Washington, DC — The Obama transition should reach out to reformers and whistleblowers to transform the scandal-wracked U.S. Department of Interior, according to Public Employees for Environmental Responsibility (PEER). Under President Bush, corporate penetration into the top echelons at Interior resulted in a prison term for its number-two official, losses of billions in oil royalty dollars and scandals ranging from sex and drug parties to unprecedented political manipulation of science.
President-elect Obama naming Senator Ken Salazar (D-CO) as Interior Secretary-designate was greeted with a huge sigh of relief from drilling, mining and livestock interests. In his short statement at the December 17th press conference, Salazar stressed “As the Nominee to be Secretary of the Interior, I will do all I can to help reduce America’s dangerous dependence on foreign oil.” He made only passing reference to protecting natural resources and no mention of the parade of recent scandals.
“’The change we need’ requires change agents,” stated PEER Executive Director Jeff Ruch, recalling an Obama campaign slogan. “Energy production, the stated priority of Secretary-designate Salazar, is only one of many issues confronting Interior; we desperately need leaders passionately committed to public service, protecting public resources and the plethora of other problems plaguing this gigantic agency which controls one out of every five acres in the U.S.”

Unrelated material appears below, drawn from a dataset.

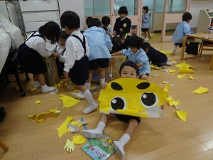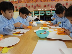 本番に使用するお面は子どもたちが自分で色を塗って、自分だけのお面を作りました☆
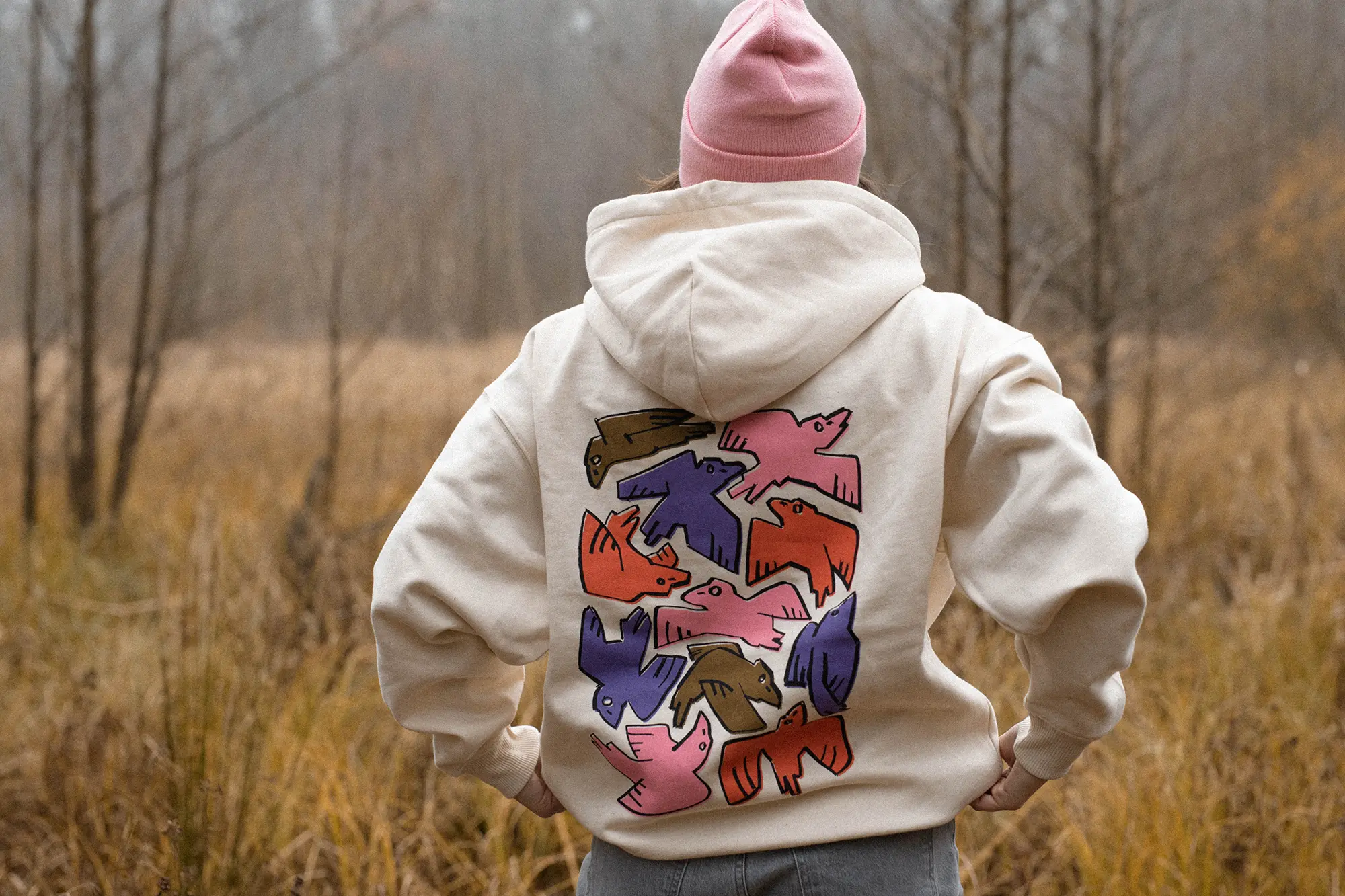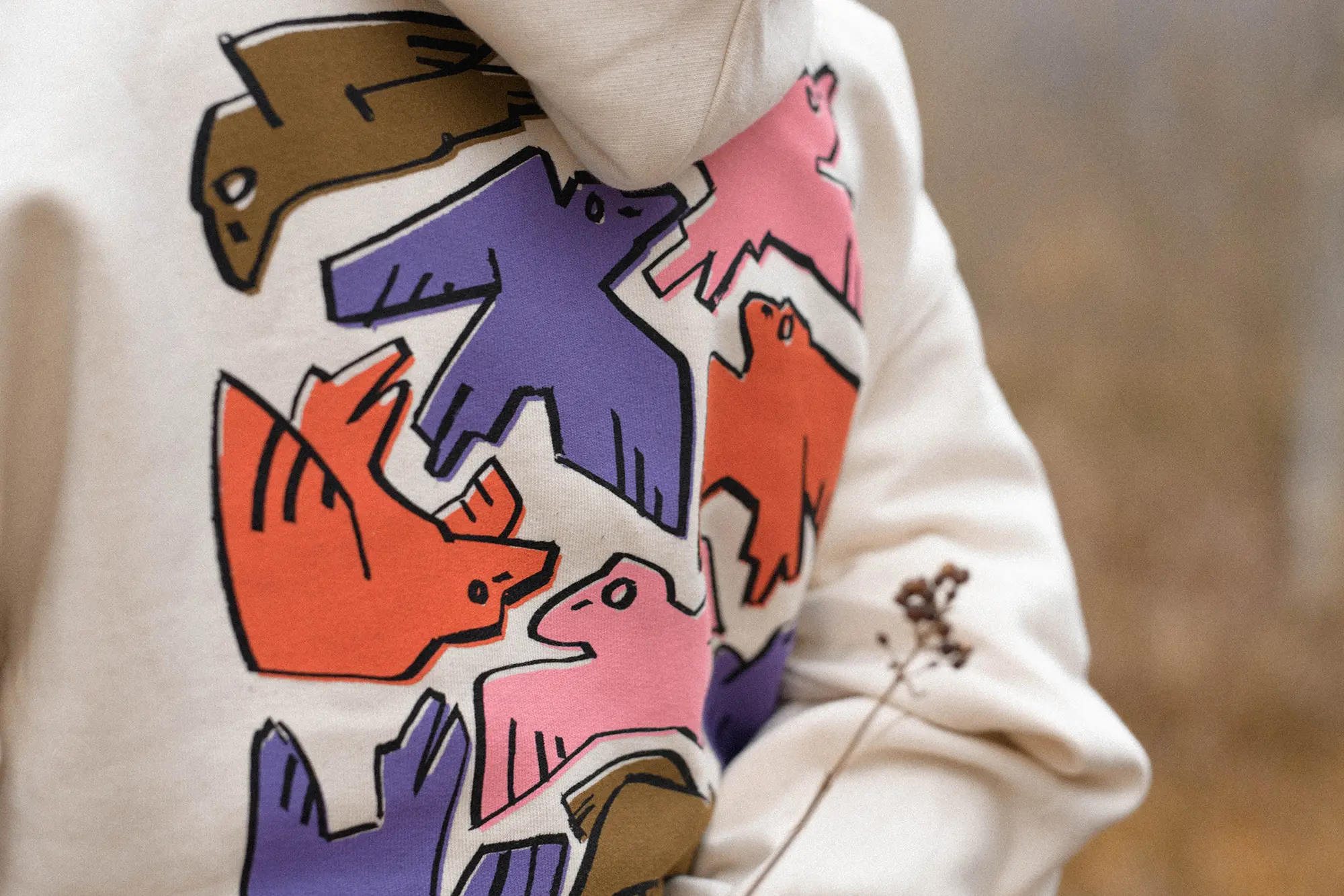Oversized unisex Hoodie aus Bio-Baumwolle mit knalligem Print.

To run the agencies within Interior, PEER is presenting the Obama transition with a slate of agency veterans and experts who exhibit what the President-elect calls “a new kind of leadership”. Most have made career sacrifices to advance the stewardship principles that are the cornerstones of their agencies’ missions. The PEER “nominees” include –
- Martha Hahn as Director of the Bureau of Land Management. Martha has more than 25 years of experience in both the BLM and Park Service. In 2002, at the behest of Sen. Larry Craig (R-ID), she was removed at the BLM Idaho State Director by Deputy Interior Secretary Steven Griles in connection with grazing reforms she had instituted. Today, she is Division Chief for Science and Resource Management at Grand Canyon National Park;
- John Donahue as the Director of the National Park Service. John has served at several national parks and received the Stephen T. Mather Award for exemplary stewardship in addressing off-road vehicle challenges as Superintendent of Big Cypress National Preserve. He is regarded as one of the most forward-thinking park managers in the nation and is currently Superintendent of the Delaware Water Gap National Recreation Area;
- Bobby Maxwell as Director of Minerals Management Service. Formerly an audit manager at MMS, Bobby blew the whistle on vast royalty underpayment by major oil companies but was ordered to drop his issue and was later “re-organized” out of his position in 2005. As a private citizen, Maxwell filed a suit to recover the billions of dollars owed to taxpayers and has campaigned against what he calls the “cult of corruption” at MMS;
- Phil Doe as Commissioner of Reclamation. In his 20 years at the Bureau of Reclamation, Phil exposed and ended large illegal water subsidies to agribusiness posing as family farms. He pushed other cost recovery policies to protect the taxpayer interest in huge water projects. Since leaving Reclamation, he has been a citizen activist promoting protection of the public’s water resources;
- Patrick McGinley as Director of the Office of Surface Mining. Patrick has 35 years of experience with the administration and enforcement of laws relating to coal mine health and safety and coal mining and reclamation. He is the grandson of a coal miner who suffered from black lung disease and served as a Special Assistant Attorney General, Commonwealth of Pennsylvania, on the “Environmental Strike Force” enforced mine safety and anti-pollution laws. Today he is a law professor at West Virginia University College of Law;
- Robert McCarthy as Interior Solicitor. In late 2007, as a Field Solicitor, McCarthy testified against his own agency in the Indian trust class action lawsuit Cobell v. Kempthorne. He contradicted Interior’s central defense that it can accurately account for income from leases of 300,000 Indian landowners and was cited by the judge in his ruling for the plaintiffs. Currently he is the Managing Attorney of the Oklahoma City Law Office for Legal Aid Services and recently received the Fern Holland Courageous Lawyer Award from the state bar association; and
- Teresa Chambers as Chief of the U.S. Park Police. Just days after giving an interview with the Washington Post, revealing low staffing levels, Chief Teresa Chambers was ordered to surrender her badge, weapon and ID and was relieved of her duties. In what has become the prime example of the Bush administration’s suppression of information, Chambers was ultimately removed from the Chief position. She recently won an appeal of that action before the U.S. Court of Appeals for the Federal Circuit. Chambers is presently serving as Chief of Police for Riverdale Park, a town in Prince George's County, Maryland.
“Many of these agencies have been gutted, not just by the Bush appointees but, in some cases, by the Clintonites before them,” Ruch added. “To repair the damage, we need a new direction, not just placeholders.”